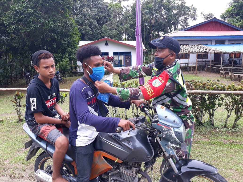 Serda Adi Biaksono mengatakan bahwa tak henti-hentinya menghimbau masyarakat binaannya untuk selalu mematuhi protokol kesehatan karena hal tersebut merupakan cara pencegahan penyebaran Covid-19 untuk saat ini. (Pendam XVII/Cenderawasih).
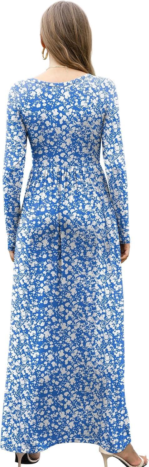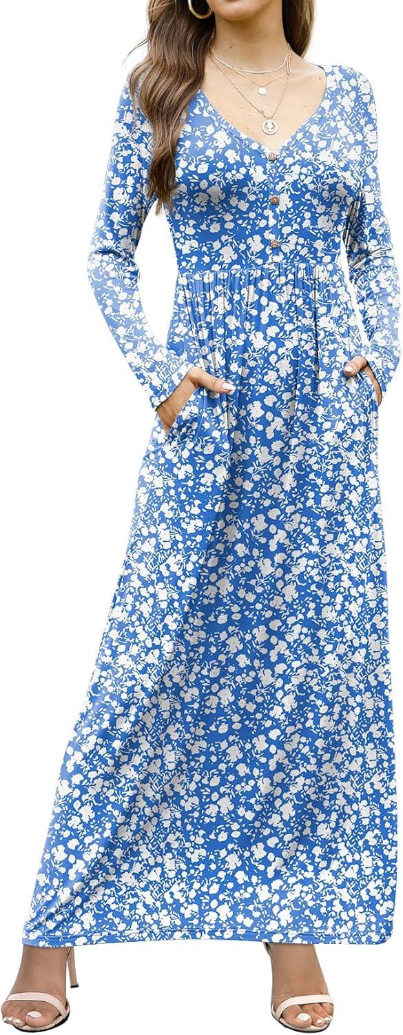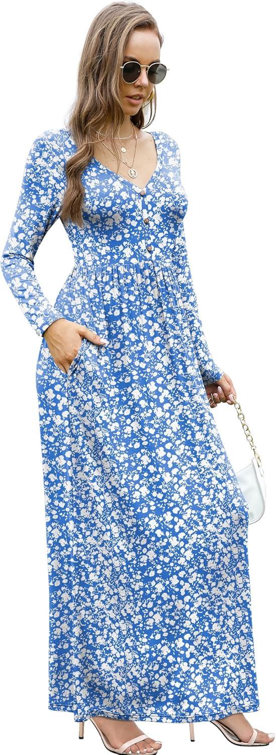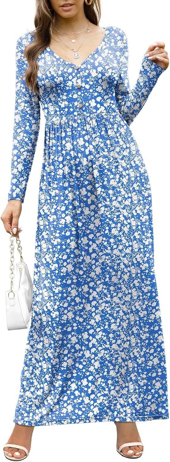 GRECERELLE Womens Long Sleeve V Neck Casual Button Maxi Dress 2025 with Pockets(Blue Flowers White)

▬▬▬▬▬▬▬▬▬▬

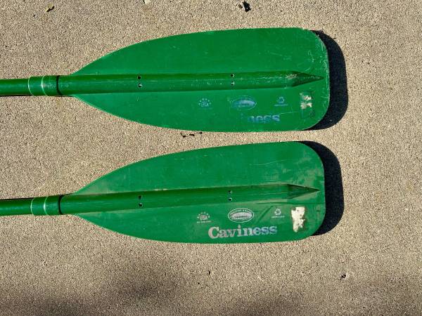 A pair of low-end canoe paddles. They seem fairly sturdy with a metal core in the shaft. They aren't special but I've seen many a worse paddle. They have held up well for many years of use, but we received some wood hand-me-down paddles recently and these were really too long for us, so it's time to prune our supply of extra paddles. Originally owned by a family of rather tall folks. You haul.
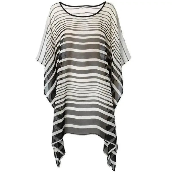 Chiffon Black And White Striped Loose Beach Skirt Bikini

▬▬▬▬▬▬▬▬▬▬

From the records above, transcribe only the stretch from the line with "Serda Adi Biaksono" through the line with "GRECERELLE Womens Long", keeping both ends. Omit pictures.

 Serda Adi Biaksono mengatakan bahwa tak henti-hentinya menghimbau masyarakat binaannya untuk selalu mematuhi protokol kesehatan karena hal tersebut merupakan cara pencegahan penyebaran Covid-19 untuk saat ini. (Pendam XVII/Cenderawasih).
 GRECERELLE Womens Long Sleeve V Neck Casual Button Maxi Dress 2025 with Pockets(Blue Flowers White)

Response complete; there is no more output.